Perception ≠ Reality. So what?

In grade 10, I met the best math teacher I’ve ever had. From hearing mythological stories with accompanying ambient lighting on Fridays to stopping a financial math unit to discuss practical investment advice… there was always something new to learn in his classroom.

But when it came to math, my teacher was one of the most serious math-lovers you could meet. It’s only now that I start to look back at all his simple lessons to see their wisdom.

And the biggest lesson I remember…? Him turning the quadratic equation in a song so that we would never forget it 😁

But the second biggest lesson? It’s this little saying that he had when explaining to us how to solve problems:

“There’s the right way… and then there’s the long way.”

Here’s a Physics Explanation

This simple saying came back to me two years later, when I was in a grade 12 physics class one afternoon.
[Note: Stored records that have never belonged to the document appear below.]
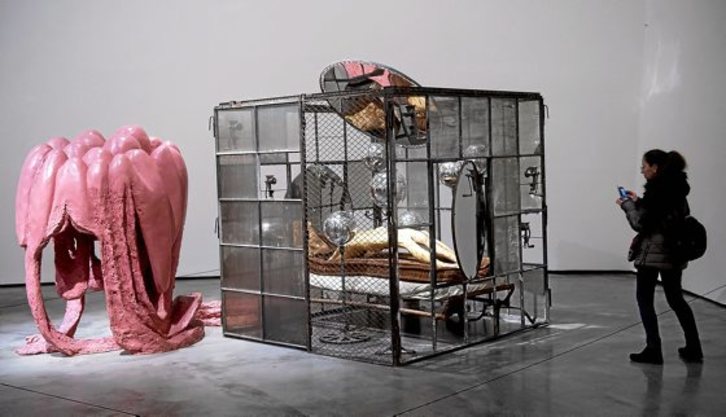 Junto a las celdas, en las que conviven objetos “brutales” como piernas amputadas, una guillotina, una silla eléctrica, prótesis, objetos para triturar carne, pieles de conejo, con delicados bordados hechos por ella misma, la exposición muestra también como si se tratara de un gabinete de las maravillas, una selección de piezas fechadas entre 1943 a 2010. Y, en mitad del recorrido, en la pequeña capilla desde la que se contempla la gran escultura de Richard Serra, “La destrucción del padre”.
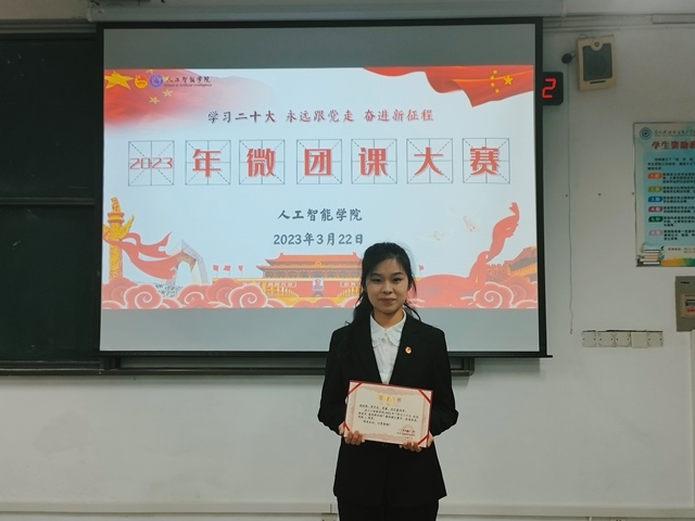3月22日下午,人工智能学院2023年“学习二十大 永远跟党走 奋进新征程”微团课大赛在C3-302举行。本次比赛由学生会组织部、信息部主办,团学干部、入党积极分子、入团积极分子等到场观摩,辅导员老师们担任评委。
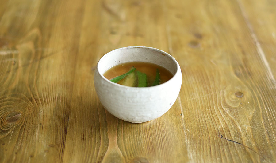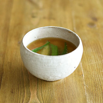 豆腐とオクラのみそ汁は、ころんとした丸みのある器に。
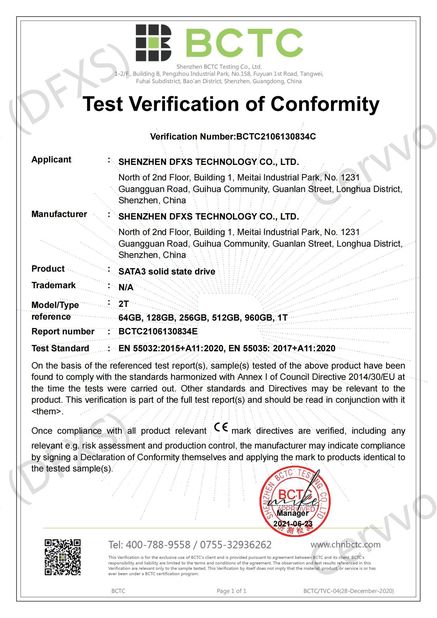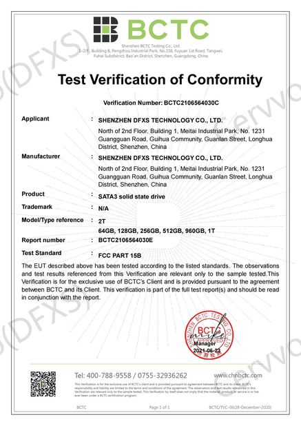 | Tiêu chuẩn: | FCC for SATA3 solid state drive |
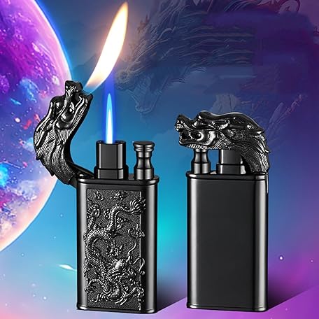 Torch Lighter, Relief Dragon Design Magic Dual Flame Lighter with Adjusting Flame Tool, Creative Windproof Lighter, Cool Jet Flame Butane Lighter, Refillable Butane Lighter Gifts for Outdoor Indoor
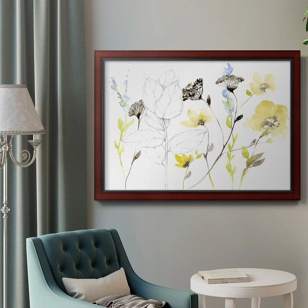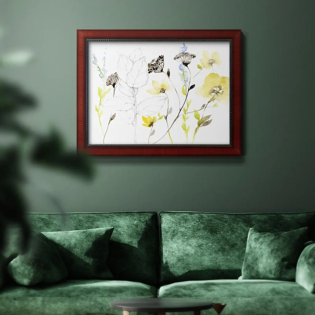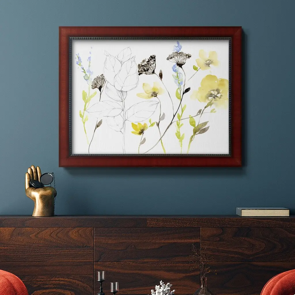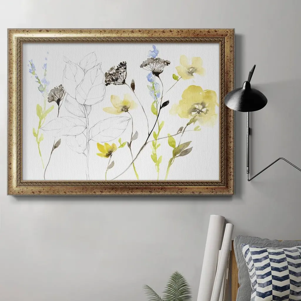 Wild Flowers & Contour I Premium Framed Canvas- Ready to Hang A Premium Framed Canvas created to last. Framed in distressed wood and available in an array of sizes and colors Featuring a beveled a solid wood stretcher bar, each piece comes ready to hand 3 SIZES AVAILABLE 16''X20'' - Overall Size 18'X27'' - Overall Size 24''x36'' - Overall Size Each piece is made to order. Each piece comes with hanging hardware. Made in the USA Ready to Hang Giclee Paper Print Acrylic Glass Beveled Matt Board
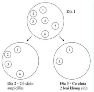Người ta nuôi cấy tất cả các vi khuẩn này trong môi trường cơ bản không có chất kháng sinh (đĩa 1), các vi khuẩn sinh trưởng thành các khuẩn lạc (1 nhóm vi khuẩn phát triển từ 1 vi khuẩn ban đầu) được đánh số từ 1 đến 6. Sau đó người ta lấy vi khuẩn từ các khuẩn lạc của đĩa 1 nuôi cấy ở vị trí tương ứng lên đĩa 2 (có kháng sinh ampicilline) và đĩa 3 (có cả 2 chất kháng sinh ampicillin va tetracyline).

My teacher was talking about analysing the motion of objects spinning in circles instead of just moving in a straight line. I won’t go into all the messy details, but I will explain one key idea:

  • In high school physics, we usually just apply theoretical equations to real-life situations with a lot of assumptions. The answers are close enough.
  • One of the assumptions we use are about directions and reference points. For instance, if we’re looking at the motion of a ball being thrown at a wall, we can say that the ball is moving AWAY (from the thrower) or moving TOWARDS (the wall).
  • But when we look at circular motion, it’s hard to assume one direction or reference to look at the situation through.

For example, if we look at these planets moving in orbit here:

When the planets are at the top of the circle, they’re moving straight ‘right’. When they’re at the bottom, they’re moving straight ‘left’. And in any moment in between, they’re moving in all sorts of constantly changing directions 😖

This is very messy to deal with. Thinking about ‘lefts’ and ‘rights’ (or more formally, a Cartesian Coordinate System 😉).

This is just a model that we use to describe physical space. We don’t have to use just this model though. We can use lots of other models! So what if there was a model to describe the planets’ motion without all the wacky changes in x and y directions? 🤔

Introducing the Polar Coordinate System!

Don’t worry if it looks messy. With Cartesian coordinates, you basically say, “Move 4 right, then 3 up.” With Polar coordinates, you say, “Move 37 degrees counter-clockwise, then go forward 5.”

Ie. Instead of specifying x and y coordinates, you specify an angle and a distance. Why is this important??? Take another look at the planets again.

NOW, the planets aren’t moving in wacky x and y directions. Each planet is always the same distance away from the sun. It’s only the angle from the starting point that changes. 🎉

This makes it MUCH easier to analyse the motion of the planets. *Trust me, when you’re knee-deep in Newton’s 11th equation and realise that there were only supposed to be 3 equations in the first place, you’ll LOVE this system😜

Think about what we just did here. We just CHOSE to look at the same situation with a different perspective (model). And it was helpful!

Both perspectives were correct. One was more useful.

Here’s an Economics Explanation

Another key point I realised about my math teacher’s little saying was also two years later in my grade 12 economics class.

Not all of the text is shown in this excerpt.